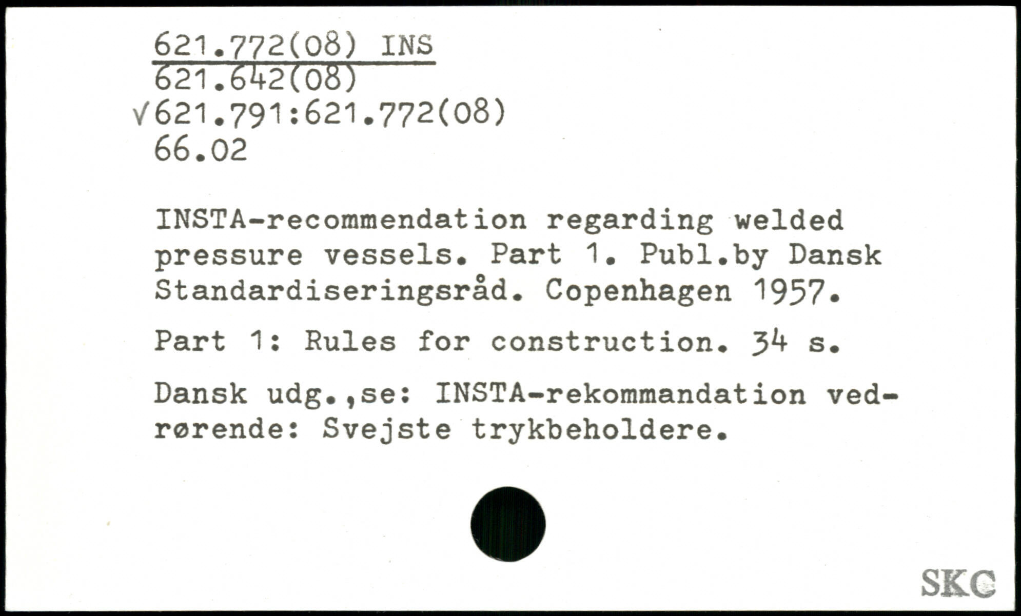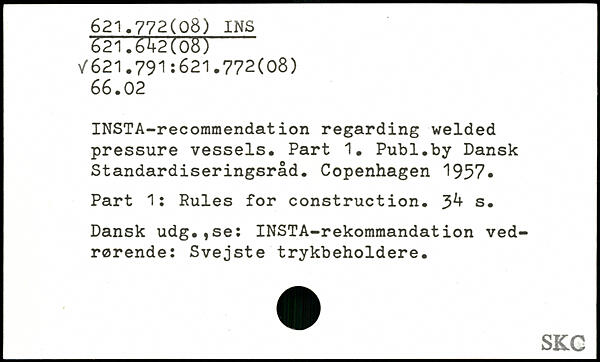 INSTA-recommendation regarding welded pressure vessels. Part 1.
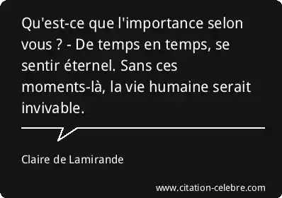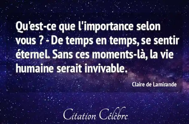 Qu'est-ce que l'importance selon vous ? - De temps en temps, se sentir éternel. Sans ces moments-là, la vie humaine serait invivable.
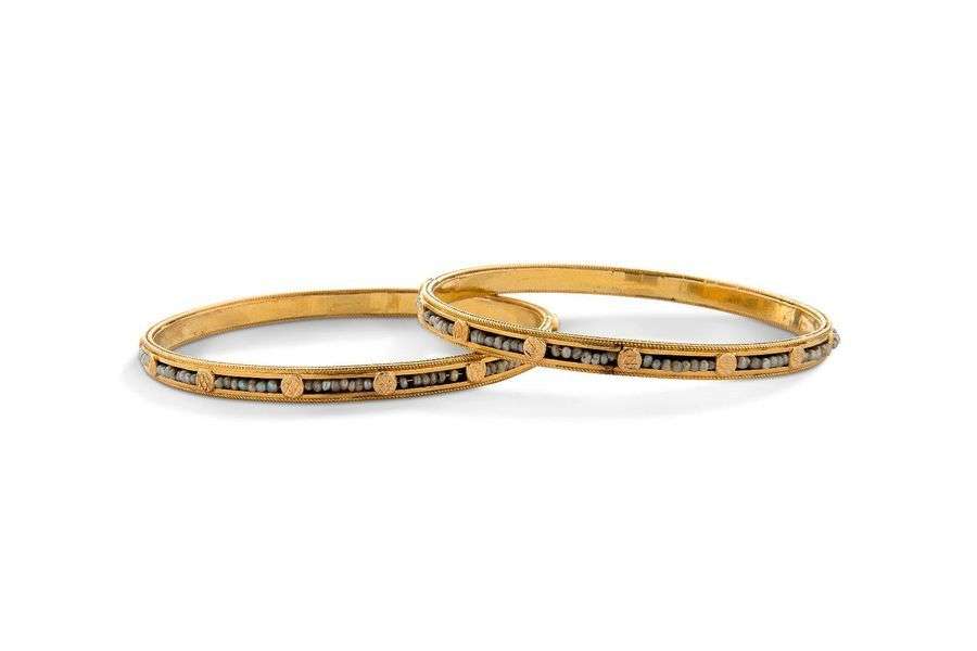 Bracelets joncs anciens sertis de petites perles, or jaune 18K (750).
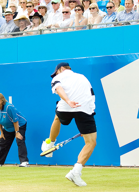 He even laughed when his effort failed to win him the point, but absentmindedly continued to walk towards the back of the court and sprained his ankle between the raised border of the grass surface and the concrete surrounding it.
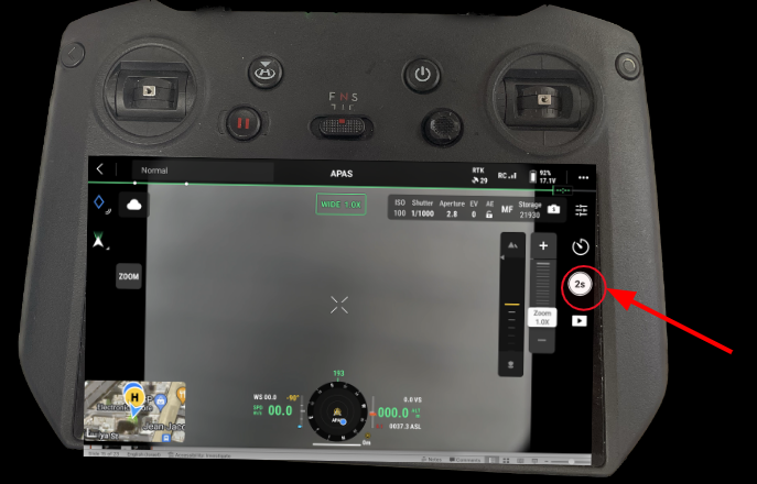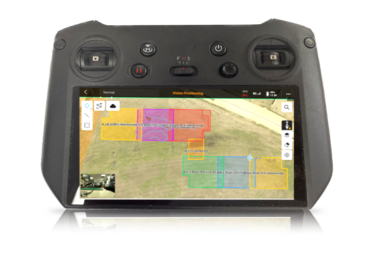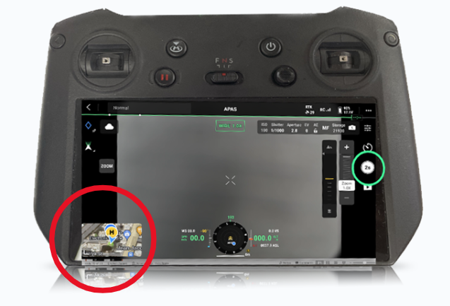 This can be monitored on the drone remote during the scan by clicking on the “map view” in the bottom left corner of the screen.

▶ TASK OBJECTIVE
Images are to be left out when the records above are written out again exactly.

▶ OUTPUT FOR THIS EXERCISE
 INSTA-recommendation regarding welded pressure vessels. Part 1.
 Qu'est-ce que l'importance selon vous ? - De temps en temps, se sentir éternel. Sans ces moments-là, la vie humaine serait invivable.
 Bracelets joncs anciens sertis de petites perles, or jaune 18K (750).
 He even laughed when his effort failed to win him the point, but absentmindedly continued to walk towards the back of the court and sprained his ankle between the raised border of the grass surface and the concrete surrounding it.
 This can be monitored on the drone remote during the scan by clicking on the “map view” in the bottom left corner of the screen.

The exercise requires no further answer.